Doubts regarding function used for positional encoding

Question

In position encoding of the transformer, we usually use a sinusoidal encoding rather than a binary encoding even though a binary encoding could successfully capture the positional information very similar to a sinusoidal encoding (with multiple values of i for position closeness)

1. though, I understand that the sinusoidal wrapper is continuous and yields certain benefits. What I do not understand is why do we use the term we use inside the sin and cosine wrappers.

pos/10000^(2i/d)

why do we have to use this ? isn't there any other simplified function that can be used around sin and cosine that shows positional (both near and far) difference as i is changed ?

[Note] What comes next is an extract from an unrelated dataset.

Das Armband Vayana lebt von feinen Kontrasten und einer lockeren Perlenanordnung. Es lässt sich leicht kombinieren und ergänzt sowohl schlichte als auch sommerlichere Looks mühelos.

2. why do we have to use sin and cosine wrappers at all instead of some other continuous functions that accurately captures the positional information. I know that using sin and cosine wrappers has some trigonometric properties that makes sure a position vector can be represented as a linear transformation of another position vector. But this does seem pretty irrelevant since this property is not used by the encoder or in self-attention anywhere. I understand that the information of the position is implicitly taken into account by the encoder but nowhere is the trigonometric property is used. It seems not necessary to me. Am I missing something ?

Answer 1

First, consider why we need positional encoding in the first place. The attention operation is permutation invariant - computing self-attention on a sequence [a, b, c] yields the same results [b, c, a] (with the output order permuted of course). For natural language processing, we expect the order of words to matter. As a result, we need to give the model some way of distinguishing order so that [a, b, c] is seen as different from [b, c, a].

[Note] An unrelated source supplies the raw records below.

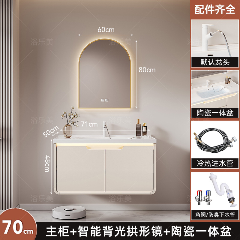 • 70CM 세라믹 일체형 세면대 + 스마트 백라이트 아치 거울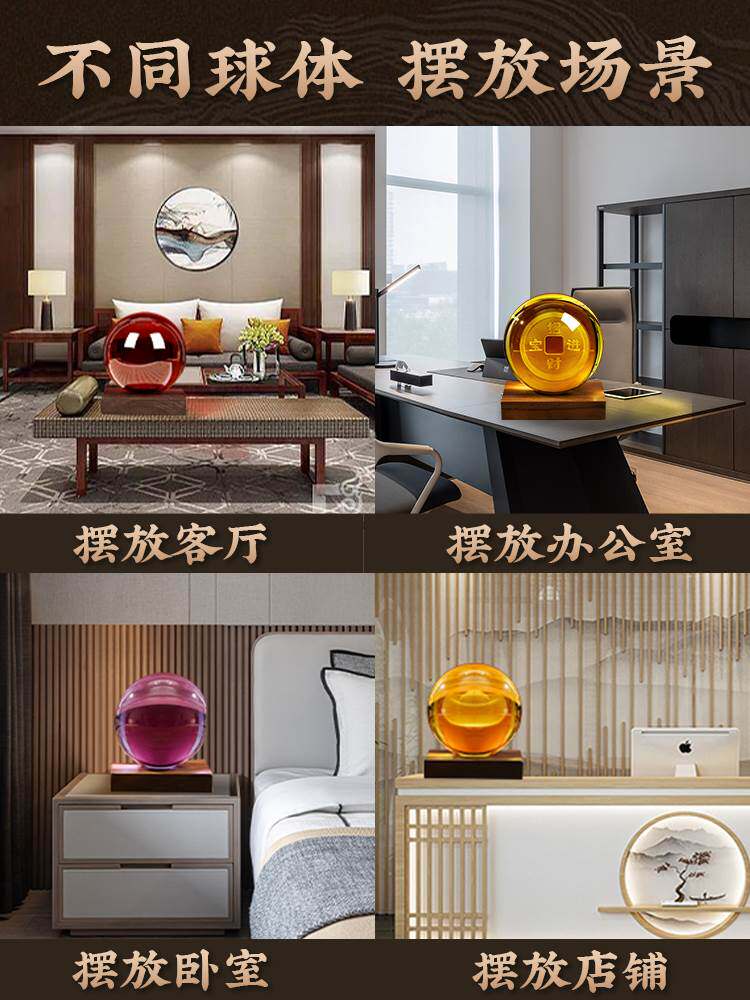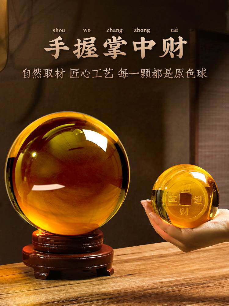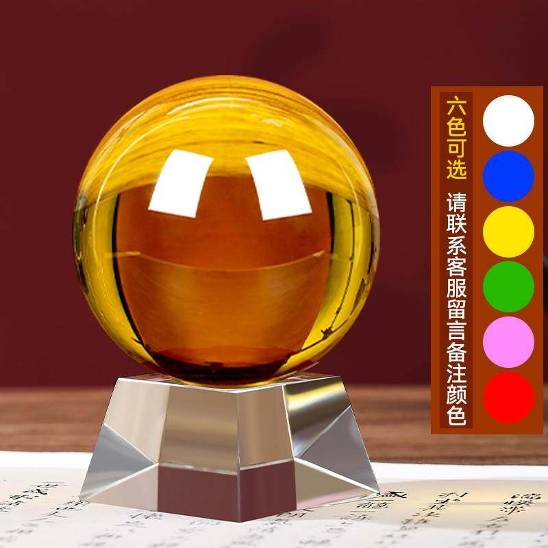 黄色水晶球摆件可旋转红紫白色透明D玻璃球K家居装饰开业玄关小摆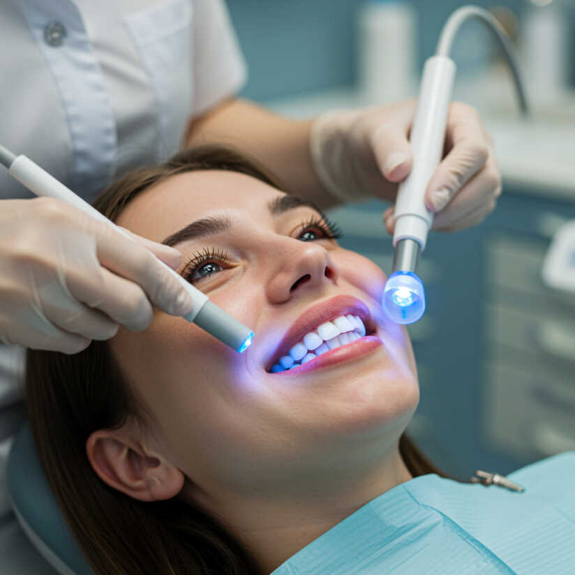 Digitale Voranalysen erfassen Zahnstruktur, Farbton und Sensibilität. Intensität und Wirkstoffkonzentration werden individuell angepasst.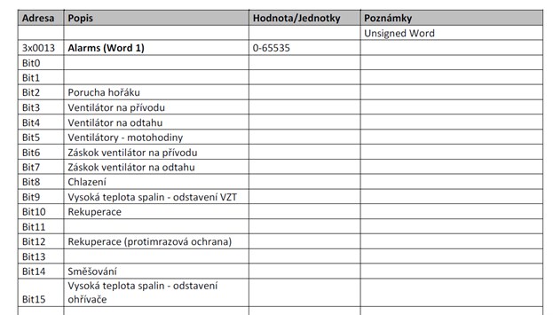 Jako příklad vezměme VZT jednotku Remak s řídicím systémem VCS. V jeho modbusové tabulce zjistíme mj. toto: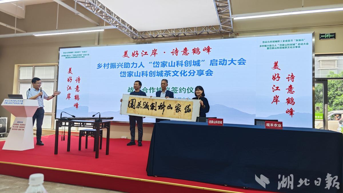 会议现场,岱家山科创城与鹤峰企业的双方代表签订共建茶园协议,确定对口帮扶基地,并发布《鹤隐山乡村振兴助力计划方案》。包括“岱家山科创城”落地系列帮扶举措,挂牌“岱家山科创城茶园”,设立爱心助农驿站,组织系列下乡进村助农活动,以组团式订单创新帮扶模式,落地“岱家山科创城”乡村振兴助力人团队组织,选址鹤峰下坪乡石堡村共建茶园,全面启动“乡村振兴助力人计划”。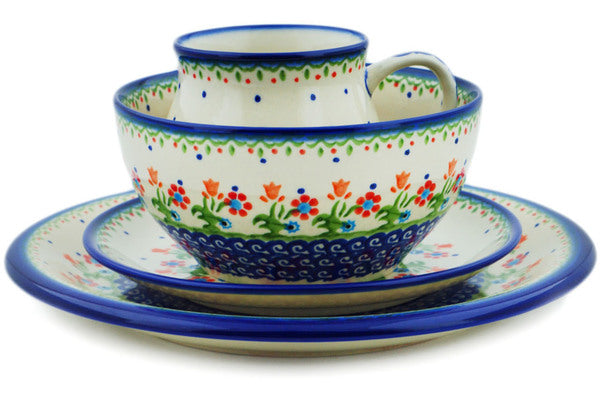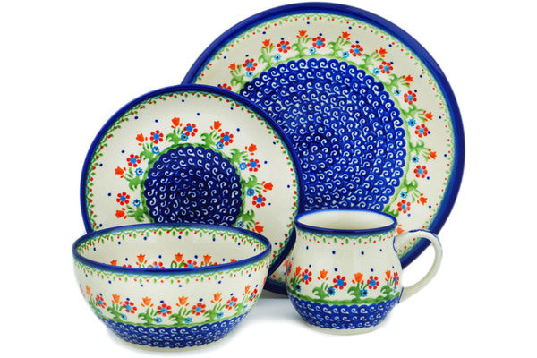 This Polish Pottery 10" Place Setting - Spring Flowers is handmade and handpainted by the Ceramika Bona factory in Boleslawiec, Poland.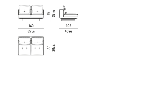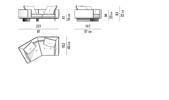 このDylanモジュラーシステムがまとう幾何学的で直線的なフォルムは、クッションのステッチに加え、バックレストとアームレストにつけられた柔らかなカーブによって、しなやかで包み込むような満ち足りた座り心地を生み出しています。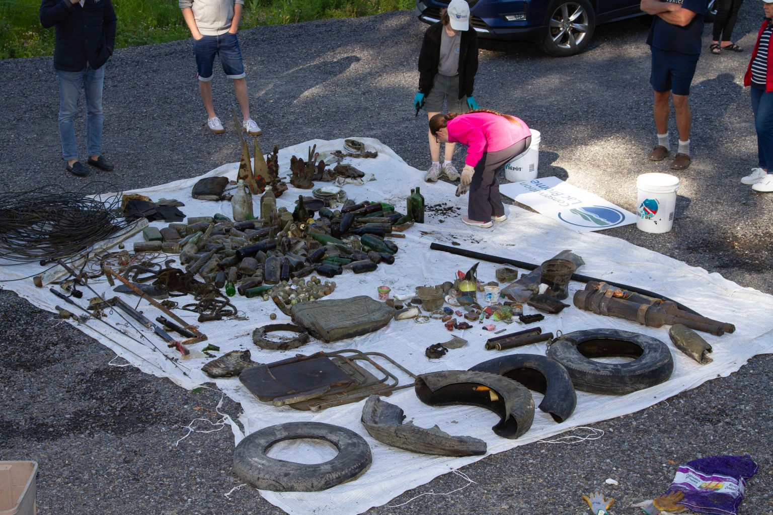 Plusieurs items ont été repêchés. Quatre ancres, trois cordages, des tuyaux, un fil de télécommunications de plusieurs dizaines de mètres, une cinquantaine de bouteilles, des canettes, des cannes à pêche, des balles de golf, des cartouches de balles de fusil et des pneus font partie de la liste des objets qui ont pu être retirés du lac.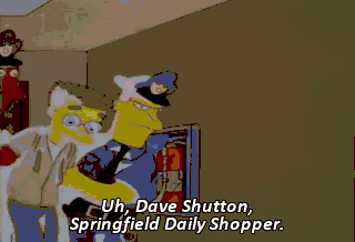 Uh, Dave Shutton, Springfield Daily Shopper. Who are you? Where you going? Oh, do your research, Shutton. Uh, Kent Brockman, Channel Six News.

To your question of why use sin/cos instead of some other function, it really doesn't matter all that much. There are some nice properties of using sin/cos that I'll explain later on, but at a high level it doesn't really matter all that much. You just need some way to inject position into the input embeddings. You can use sin/cos, linear biases (ie ALiBi), RoPE, polynomial functions, learned positional embeddings, etc. They all accomplish the same goal.

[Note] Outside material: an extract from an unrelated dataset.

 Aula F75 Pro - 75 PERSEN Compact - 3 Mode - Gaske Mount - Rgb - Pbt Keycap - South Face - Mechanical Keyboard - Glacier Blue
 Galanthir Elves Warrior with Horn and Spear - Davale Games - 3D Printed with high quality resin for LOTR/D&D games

Now lets look at sin/cos in more detail. The full equation is:

$$ PE_{(pos, 2i)} = sin(pos/10000^{2i/d}) \\ PE_{(pos, 2i+1)} = cos(pos/10000^{2i/d}) $$

Or in pytorch:

max_len = 10000
d_model = 1024
position = torch.arange(max_len).unsqueeze(1)
div_term = torch.exp(torch.arange(0, d_model, 2) * (-math.log(max_len) / d_model))
pe = torch.zeros(max_len, 1, d_model)
pe[:, 0, 0::2] = torch.sin(position * div_term)
pe[:, 0, 1::2] = torch.cos(position * div_term)

Note that the positional encoding is a 2D matrix. Each position index is given a vector position encoding of length d_model, and each value in the position vector comes from a sin/cosine with a different frequency. The i value in the equation refers to the dimension in the positional embedding, not the position itself.

This means the position vector contains a mixture of values with different frequencies. The idea is the low frequency values capture global position differences, and high frequency values capture local position differences.

You mention using a binary encoding. Imagine something like this:

0: 0, 0, 0
1: 0, 0, 1
2: 0, 1, 0
3: 0, 1, 1
4: 1, 0, 0
5: 1, 0, 1
6: 1, 1, 0
7: 1, 1, 1

Note how the first column oscillates slowly, while the final column oscillates quickly. This is essentially what the sin/cos positional encoding is doing, just with floats rather than ints.

Using sin/cos has the benefit of producing position encoding values that are bounded, smooth, and can extrapolate beyond the max sequence length if needed. These properties make the sin/cos position embeddings work nicely for the task, but they are not theoretically necessary.